Kegiatan yang berlangsung di Aula Kantor DPPPA Bengkalis, Jalan Pertanian tersebut dipimpin langsung Kepala DPPPA Bengkalis, Emilda Susanti, S.STP., M.IP. Hadir dalam kesempatan itu Tenaga Ahli Bupati Bengkalis, Yuhelmi, serta perwakilan sejumlah perangkat daerah (PD) terkait.
Emilda Susanti menyampaikan bahwa penyusunan Renja 2027 harus selaras dengan pokok-pokok pikiran (Pokir) DPRD, aspirasi masyarakat, serta sinkron dengan program lintas instansi. Selain itu, pihaknya juga membuka ruang uji publik bersama akademisi guna memastikan program yang dirancang benar-benar tepat sasaran.
“Kami berharap masukan dari seluruh pihak, apakah program DPPPA yang diajukan sudah tepat, khususnya dalam upaya pemberdayaan perempuan dan perlindungan anak,” ujarnya.
Menurutnya, fokus utama DPPPA ke depan adalah peningkatan kompetensi perempuan agar mampu berdaya saing di tengah masyarakat. Program pemberdayaan akan diarahkan pada peningkatan kapasitas dan keterampilan, serta kolaborasi lintas sektor agar hasilnya lebih optimal.
Selain itu, konsep desa ramah perempuan dan anak juga menjadi perhatian. Program ini menuntut peran aktif seluruh pihak, termasuk melalui inovasi di masyarakat seperti penguatan sekolah ramah anak dan peningkatan kepedulian terhadap pendidikan anak.
Isu kekerasan terhadap perempuan dan anak turut menjadi pembahasan penting. DPPPA menekankan perlunya pendampingan psikologis sebagai bagian dari proses rehabilitasi untuk pemulihan mental korban. Upaya ini dinilai krusial dalam memberikan perlindungan menyeluruh.
Dalam forum tersebut juga dibahas pentingnya peningkatan Indeks Pembangunan Gender (IPG) sebagai tolok ukur kesetaraan antara perempuan dan laki-laki.
Perempuan, menurut Emilda, harus diberikan kesempatan yang sama di berbagai sektor, selama memiliki kompetensi dan kemampuan yang memadai.
“Kita ingin perempuan memiliki akses dan peluang yang setara, baik di bidang ekonomi, pendidikan, maupun sektor lainnya,” tegasnya.
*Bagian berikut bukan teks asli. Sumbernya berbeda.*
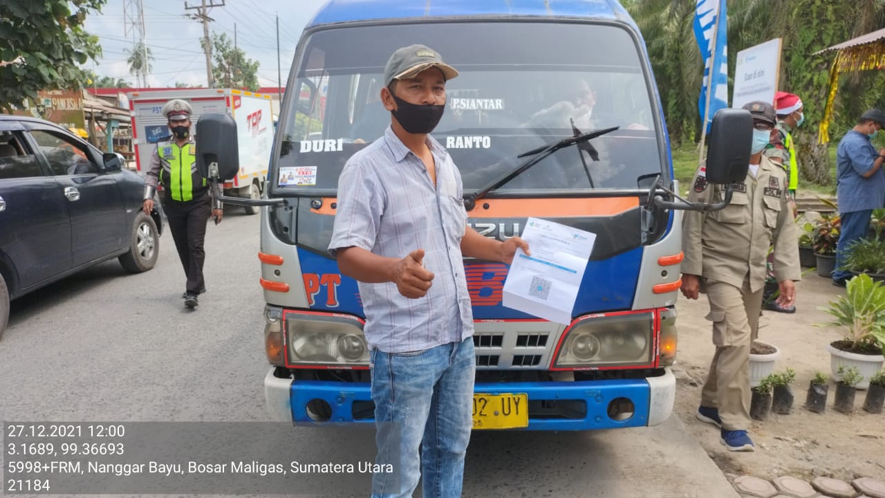 SIMALUNGUN - Dipimpin langsung Kepala Satuan Reserse (Kasatres) Narkoba Polres Simalungun AKP Adi Haryono SH melaksanakan pemeriksaan air seni atau test urine terhadap supir angkutan umum atau bus Antar Kota Antar Provinsi (AKAP) yang melintas di Jalan Lintas Siantar-Perdagangan Kabupaten Simalungun tepatnya Pos Pengamanan (Pospam) Operasi Lilin Toba 2021 Parlanaan, Senin (27/12/2021) siang sekira pukul 11.50 WIB.

DPPPA juga mendorong dukungan dari dinas terkait untuk mewujudkan sekolah ramah anak serta Puskesmas ramah anak sebagai bagian dari ekosistem perlindungan anak yang terintegrasi.
Sementara itu, Tenaga Ahli Bupati Bengkalis, Yuhelmi, menekankan pentingnya penguatan koordinasi dan komunikasi lintas sektor, termasuk dengan para anggota DPRD, khususnya dalam pemenuhan kebutuhan tenaga psikolog untuk rehabilitasi korban.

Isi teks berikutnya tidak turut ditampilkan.